By analyzing existing cross correlation between SBI Life Insurance and Kalyani Investment, you can compare the effects of market volatilities on SBI Life and Kalyani Investment and check how they will diversify away market risk if combined in the same portfolio for a given time horizon. You can also utilize pair trading strategies of matching a long position in SBI Life with a short position of Kalyani Investment. Check out your portfolio center. Please also check ongoing floating volatility patterns of SBI Life and Kalyani Investment.

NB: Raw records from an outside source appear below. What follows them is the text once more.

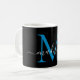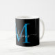 Élégant noir brillant océan bleu Monogramme Girly Script élégant café Mug
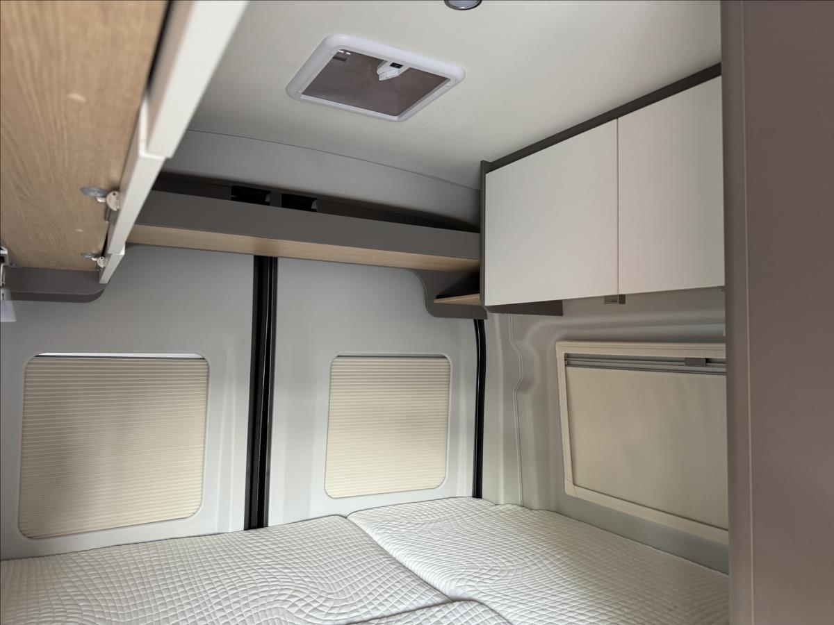 První majitel, Leasing možný, Možné financování vozidla., Zadní příčná postel + rozložitelné sezení na lůžko, topení Truma, DuoControl, venkovní vývod na sprchu, lednice s mrazákem 12/230V, střešní ventilátor, zadní nosič kol, Bi-Xenonové světlomety, vyhřívané čelní sklo, všechna okna se zatemněním a moskytiérou, dveřní moskytiéra, zatemnění kabiny Remis, odpojovač nástavbové baterie, tažné zařízení 2200/750 kg ... Celková hmotnost: 3500kg, provozní: 2820kg ..... Jízda pro 4 osoby, spaní pro 2/3 osoby
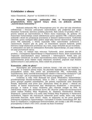 Uciekinier z obozu Adam Chmielecki, „Wprost” nr 45/2008 (9 XI 2008 r.) Czy Romuald Spasowski, ambasador PRL pragmatykiem, który opuścił tonący okręt, „nawróconym komunistą”? w Waszyngtonie, był czy jedynym polskim Budynek ambasady PRL w Waszyngtonie przy 16. ulicy był cały oświetlony reflektorami i otoczony policyjnymi samochodami, gdy podjechał pod niego Stanisław Turkowski, kierowca polskiej placówki. Była sobota 19 grudnia 1981 r., prawie tydzień po wprowadzeniu w Polsce stanu wojennego, ok. godziny 18. Samochód Turkowskiego został zablokowany przez agentów FBI, z których jeden podszedł i złożył mu propozycję pozostania w Stanach Zjednoczonych. Turkowski odmówił i przez następne kilka godzin mógł tylko biernie obserwować pilnowaną przez FBI ambasadę, z której wyjechało kilka samochodów osobowych i ciężarowych. Dopiero gdy ok. godz. 22 Amerykanie opuścili budynek, polski kierowca mógł ostatecznie przekonać się o tym, czego domyślał się już wcześniej – w ambasadzie nie było ani ambasadora Romualda Spasowskiego, ani jego rodziny, ani jego prywatnych rzeczy. O tym, co widział tego wieczora Turkowski, świat dowiedział się 20 grudnia, z wystąpienia Spasowskiego w Departamencie Stanu, które wyemitowała większość amerykańskich stacji radiowych i telewizyjnych. Polski były już ambasador oświadczył, że wobec wprowadzenia stanu wojennego, co odbiera jako wypowiedzenie przez władze wojny własnemu narodowi, poprosił rząd Stanów Zjednoczonych o azyl polityczny, który został mu przyznany. Komunizm „wbity do głowy” Waszyngton jest politycznym centrum świata i był nim tym bardziej w latach 80., w realiach zimnej wojny. Na placówki dyplomatyczne nie trafiali tam przypadkowi ludzie. Kim zatem był przedstawiciel PRL, wydawałoby się wypróbowany, który zawiódł komunistyczne władze w kluczowym momencie? I jak doszło do jego – jak to przedstawiała PRL-owska propaganda – „dezercji”? Urodzony w roku 1920 Romuald był synem Władysława Spasowskiego, przedwojennego filozofa-marksisty, który w 1941 r. zagrożony aresztowaniem przez gestapo popełnił samobójstwo. Jak później wspominała żona Romualda Wanda, Spasowski miał przez ojca „komunizm wbity do głowy” i obiecał mu kiedyś, że będzie kontynuował jego ideologiczną działalność. I rzeczywiście, pracując w trakcie II wojny światowej jako robotnik wstąpił do PPR. Po zakończeniu wojny jako absolwent kursu dla oficerów polityczno-wychowaczych został szefem Polskiej Misji Wojskowej ds. Zbadania Niemieckich Zbrodni Wojennych i jednocześnie z-cą szefa całej Polskiej Misji Wojskowej w Niemczech Zachodnich. Objęcie tak znaczących stanowisk przez osobę, która całą wojnę pracowała fizycznie, może dziwić, chyba, że spojrzymy na nie przez pryzmat późniejszej współpracy Spasowskiego z Zarządem II Sztabu Generalnego WP. Być może ta współpraca z wojskowym kontrwywiadem, jak wynika z akt IPN trwająca przynajmniej w latach 1951-1953, zaczęła się dużo wcześniej? Od konsula do ministra W 1947 r. Spasowski odszedł z wojska i rozpoczął karierę w MSZ, w trakcie której pełnił kolejno funkcje konsula w Dusseldorfie, naczelnika Wydziału Niemieckiego Departamentu V, I sekretarza ambasady w Londynie oraz Posła PRL w Buenos Aires. W l. 1955-1961 po raz pierwszy był ambasadorem PRL w Waszyngtonie. W latach 60. i 70. piastował wysokie funkcje – „na zmianę” w placówkach dyplomatycznych (przedstawiciel PRL przy Międzynarodowej Komisji Nadzoru i Kontroli w Wietnamie, ambasador w Indiach, Nepalu, Singapurze i na Cejlonie) oraz w centrali (dyrektor Departamentu II i V, od 1962 r. ambasador tytularny, od 1972 r. wiceminister spraw zagranicznych). Musiał cieszyć się zatem zaufaniem i poparciem nie tylko kolejnych szefów resortu, ale najwyższych władz państwowych – dyplomaci wracający z placówek nie cieszący się taką sympatią zostawali co najwyżej radcami w MSZ (całkowitą rezygnację z danej osoby uważano za małą pragmatyczną i stosowano niezwykle rzadko). W tym okresie w życiu Spasowskiego nastąpiło też przykre zdarzenie – w 1970 r. w New Delhi samobójstwo popełnił jego syn, Władysław. Być może był to przypadek, być może rodzinne fatum, być może zaś ukochany syn ambasadora nie potrafił zaakceptować jego kariery w komunistycznej dyplomacji. Drugie podejście – kurs proamerykański Wreszcie 1 grudnia 1977 r. Romuald Spasowski został po raz drugi ambasadorem PRL w Stanach Zjednoczonych, co ciekawe zastępując na tym stanowisku Witolda Trąmpczyńskiego, syna Wojciecha Trąmpczyńskiego, przedwojennego działacza endecji i marszałka Sejmu Ustawodawczego. W Waszyngtonie Spasowski pojawił się dopiero w marcu 1978 r. i od razu wprowadził nowy, proamerykański kurs. Nie podobał się on dotychczasowym pracownikom ambasady, którzy Spasowskich nie lubili, oraz centrali MSZ, która w listopadzie 1981 r. postanowiła odwołać ambasadora na początku 1982 r. Spasowski zafascynował się „Solidarnością” i Sierpniem ’80, miał coraz lepsze kontakty – wziąwszy pod uwagę ideologiczne i polityczne różnice obu obozów zimnej wojny – z amerykańską administracją i coraz gorsze z ambasadą Związku Sowieckiego w USA (m.in. unikał kontaktu z sowieckim ambasadorem Anatolijem Dobryninem). Szczególnie blisko współpracował z Richardem Daviesem, dyrektorem Biura Europy Wschodniej Departamentu Stanu, wcześniej ambasadorem USA w Polsce, oraz Johnem Scanlanem, z-cą asystenta sekretarza stanu ds. Europy. Wydaje się, że z racji tych proamerykańskich sympatii bardzo szybko zaczął rozważać możliwość „przejścia na drugą stronę barykady” i pozostania w USA. Stopniowo sprowadzał do Stanów rodzinę i przyjaciół – w 1978 r. reż. Jerzego Antczaka (został radcą ambasady ds. kultury), a w 1981 r. żonę Marię z mężem Andrzejem Grochulskim oraz przyjaci
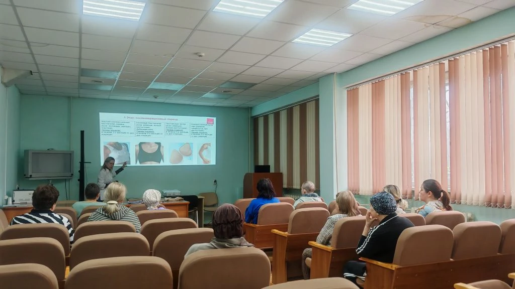 В онкохирургическом отделении ГНЦ ФМБЦ им.А.И.Бурназяна ФМБА России прошла информационная встреча для пациенток, посвящённая восстановлению после операций на молочной железе. Медицинский волонтёр Тайдакова Татьяна Викторовна — медицинская сестра, специалист по подбору средств реабилитации после операций на молочной железе, включая случаи удаления лимфатических узлов и установки имплантов — рассказала о ключевых аспектах послеоперационного периода и возвращения к привычной жизни.
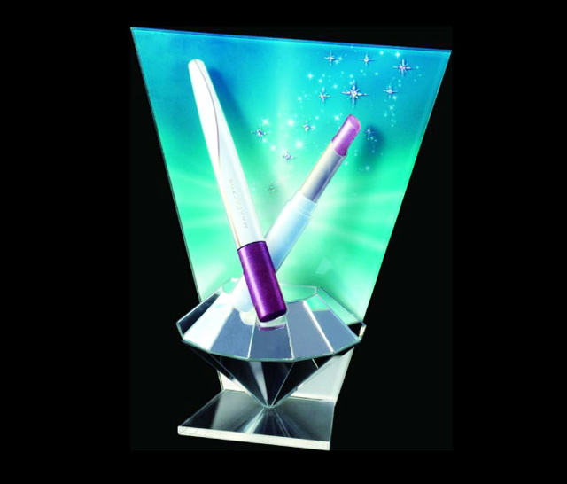 星空无限传媒官网唇膏展示架(jià)是我司為OLAY設計及生產的唇膏展示架,背麵(miàn)底(dǐ)色還是采用套裝的主色調,但底部卻更改(gǎi)為有反射效果的鏡麵材料,加(jiā)上3D的立體鑽石形狀,更能展現唇膏的閃閃效果。

Diversification Opportunities for SBI Life and Kalyani Investment

0.16
  Correlation Coefficient

Average diversification

The 3 months correlation between SBI and Kalyani is 0.16. Overlapping area represents the amount of risk that can be diversified away by holding SBI Life Insurance and Kalyani Investment in the same portfolio, assuming nothing else is changed. The correlation between historical prices or returns on Kalyani Investment and SBI Life is a relative statistical measure of the degree to which these equity instruments tend to move together. The correlation coefficient measures the extent to which returns on SBI Life Insurance are associated (or correlated) with Kalyani Investment. Values of the correlation coefficient range from -1 to +1, where. The correlation of zero (0) is possible when the price movement of Kalyani Investment has no effect on the direction of SBI Life i.e., SBI Life and Kalyani Investment go up and down completely randomly.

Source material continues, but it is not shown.